__PROBLEM STATEMENT__
Two lines mark the range in the entries below: the one holding "胡散臭い通販商品みたいなあだ名 | 『信頼と実績のサプリメント…その名も「いわいたけし」』 |" and the one holding "是集研發、生產、銷售、服務于". Set down those two and all lines between them, exactly.

[[ DATA LISTING open ]]

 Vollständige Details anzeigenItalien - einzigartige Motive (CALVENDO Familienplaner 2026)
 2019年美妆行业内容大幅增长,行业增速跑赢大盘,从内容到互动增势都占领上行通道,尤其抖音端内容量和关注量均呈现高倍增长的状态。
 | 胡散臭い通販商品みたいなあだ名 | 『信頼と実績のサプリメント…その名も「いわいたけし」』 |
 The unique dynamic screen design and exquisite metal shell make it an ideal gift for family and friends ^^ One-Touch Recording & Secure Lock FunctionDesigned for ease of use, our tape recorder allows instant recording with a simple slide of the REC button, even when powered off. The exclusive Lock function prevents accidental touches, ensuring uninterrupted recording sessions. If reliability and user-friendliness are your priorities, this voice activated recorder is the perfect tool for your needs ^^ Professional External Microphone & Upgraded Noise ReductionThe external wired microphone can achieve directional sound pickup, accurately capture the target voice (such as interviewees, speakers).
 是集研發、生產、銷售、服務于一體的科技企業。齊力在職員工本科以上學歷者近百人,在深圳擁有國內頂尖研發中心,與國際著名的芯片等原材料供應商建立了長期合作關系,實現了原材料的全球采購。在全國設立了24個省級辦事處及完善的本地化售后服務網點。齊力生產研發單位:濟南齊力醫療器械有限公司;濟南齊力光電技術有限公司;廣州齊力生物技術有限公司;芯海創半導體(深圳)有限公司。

[[ DATA LISTING closed ]]
[[ DATA LISTING open ]]

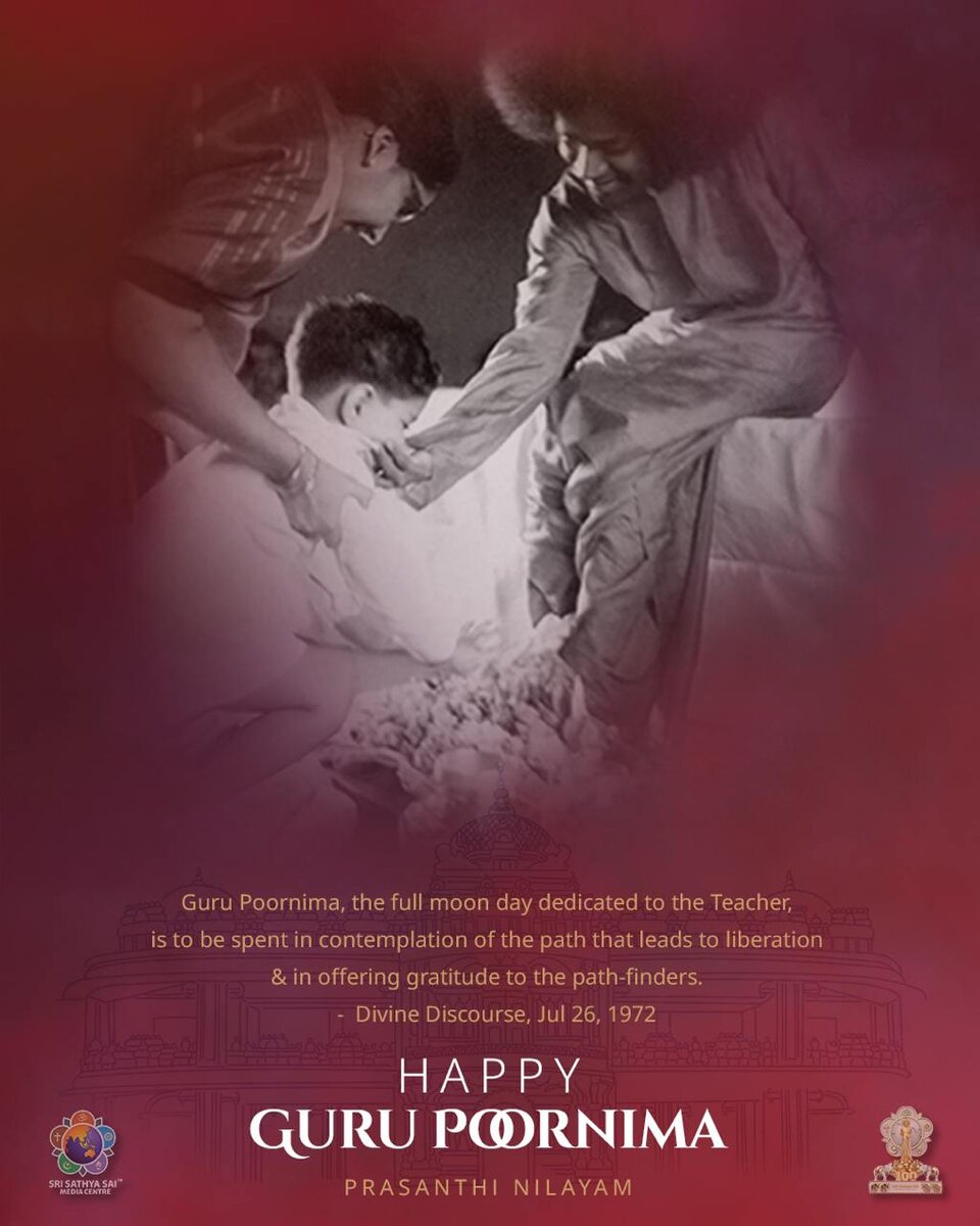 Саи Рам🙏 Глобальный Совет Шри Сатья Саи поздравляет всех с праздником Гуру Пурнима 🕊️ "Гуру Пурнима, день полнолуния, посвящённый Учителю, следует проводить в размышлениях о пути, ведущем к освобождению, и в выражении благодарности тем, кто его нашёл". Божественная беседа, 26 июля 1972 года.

[[ DATA LISTING closed ]]
[[ DATA LISTING open ]]

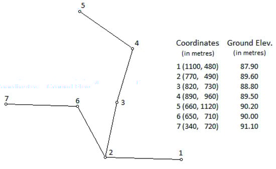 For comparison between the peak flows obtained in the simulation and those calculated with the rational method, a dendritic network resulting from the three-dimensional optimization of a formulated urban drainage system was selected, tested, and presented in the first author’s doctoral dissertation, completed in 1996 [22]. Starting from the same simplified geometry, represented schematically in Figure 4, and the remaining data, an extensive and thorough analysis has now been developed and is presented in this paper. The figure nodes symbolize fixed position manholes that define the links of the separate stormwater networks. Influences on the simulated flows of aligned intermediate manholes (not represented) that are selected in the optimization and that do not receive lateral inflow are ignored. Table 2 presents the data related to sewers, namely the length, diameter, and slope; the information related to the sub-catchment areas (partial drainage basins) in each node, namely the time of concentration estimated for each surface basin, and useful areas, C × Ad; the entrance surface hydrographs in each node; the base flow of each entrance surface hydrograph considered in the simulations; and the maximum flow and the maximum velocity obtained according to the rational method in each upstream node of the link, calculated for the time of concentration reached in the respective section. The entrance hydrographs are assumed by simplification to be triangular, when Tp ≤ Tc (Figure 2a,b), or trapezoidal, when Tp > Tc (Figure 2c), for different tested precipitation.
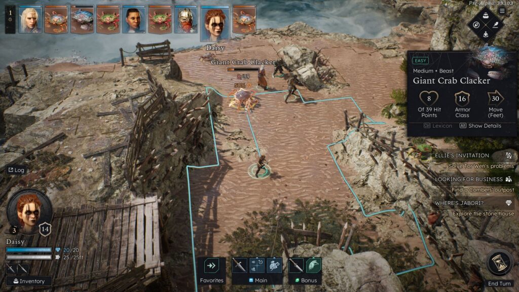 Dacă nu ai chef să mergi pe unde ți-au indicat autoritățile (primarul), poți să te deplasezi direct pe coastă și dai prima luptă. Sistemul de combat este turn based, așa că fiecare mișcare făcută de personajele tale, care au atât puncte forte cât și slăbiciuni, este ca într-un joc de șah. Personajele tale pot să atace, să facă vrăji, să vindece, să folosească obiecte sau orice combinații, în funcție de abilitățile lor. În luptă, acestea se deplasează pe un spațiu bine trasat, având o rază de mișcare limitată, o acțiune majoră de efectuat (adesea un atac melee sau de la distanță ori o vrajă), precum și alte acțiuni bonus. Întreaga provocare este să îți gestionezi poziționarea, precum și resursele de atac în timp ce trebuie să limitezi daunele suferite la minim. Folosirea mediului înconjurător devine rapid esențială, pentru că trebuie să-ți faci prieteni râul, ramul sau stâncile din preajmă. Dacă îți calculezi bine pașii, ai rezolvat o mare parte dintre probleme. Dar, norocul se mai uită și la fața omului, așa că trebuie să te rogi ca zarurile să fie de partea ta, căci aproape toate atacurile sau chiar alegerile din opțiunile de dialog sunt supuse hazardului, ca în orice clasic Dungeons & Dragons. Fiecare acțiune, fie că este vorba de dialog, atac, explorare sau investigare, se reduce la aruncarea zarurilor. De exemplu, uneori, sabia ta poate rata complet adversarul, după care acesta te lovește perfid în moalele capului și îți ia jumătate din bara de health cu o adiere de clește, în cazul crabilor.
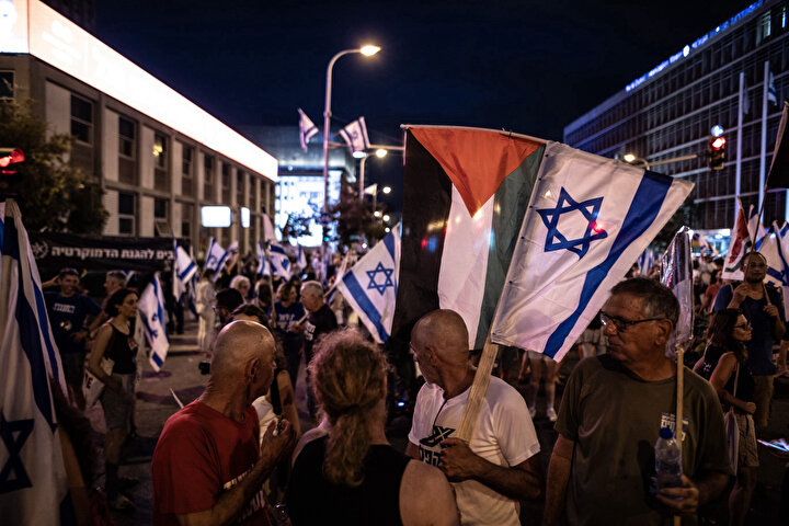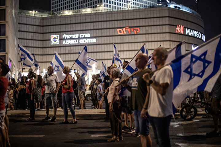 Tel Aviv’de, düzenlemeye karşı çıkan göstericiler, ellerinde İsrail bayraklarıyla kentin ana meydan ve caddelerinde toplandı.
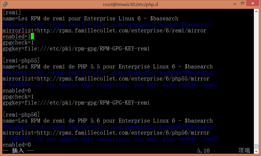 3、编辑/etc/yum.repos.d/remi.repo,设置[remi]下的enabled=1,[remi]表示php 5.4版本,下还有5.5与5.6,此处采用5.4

[[ DATA LISTING closed ]]

__SOLUTION BELOW__
 | 胡散臭い通販商品みたいなあだ名 | 『信頼と実績のサプリメント…その名も「いわいたけし」』 |
 The unique dynamic screen design and exquisite metal shell make it an ideal gift for family and friends ^^ One-Touch Recording & Secure Lock FunctionDesigned for ease of use, our tape recorder allows instant recording with a simple slide of the REC button, even when powered off. The exclusive Lock function prevents accidental touches, ensuring uninterrupted recording sessions. If reliability and user-friendliness are your priorities, this voice activated recorder is the perfect tool for your needs ^^ Professional External Microphone & Upgraded Noise ReductionThe external wired microphone can achieve directional sound pickup, accurately capture the target voice (such as interviewees, speakers).
 是集研發、生產、銷售、服務于一體的科技企業。齊力在職員工本科以上學歷者近百人,在深圳擁有國內頂尖研發中心,與國際著名的芯片等原材料供應商建立了長期合作關系,實現了原材料的全球采購。在全國設立了24個省級辦事處及完善的本地化售后服務網點。齊力生產研發單位:濟南齊力醫療器械有限公司;濟南齊力光電技術有限公司;廣州齊力生物技術有限公司;芯海創半導體(深圳)有限公司。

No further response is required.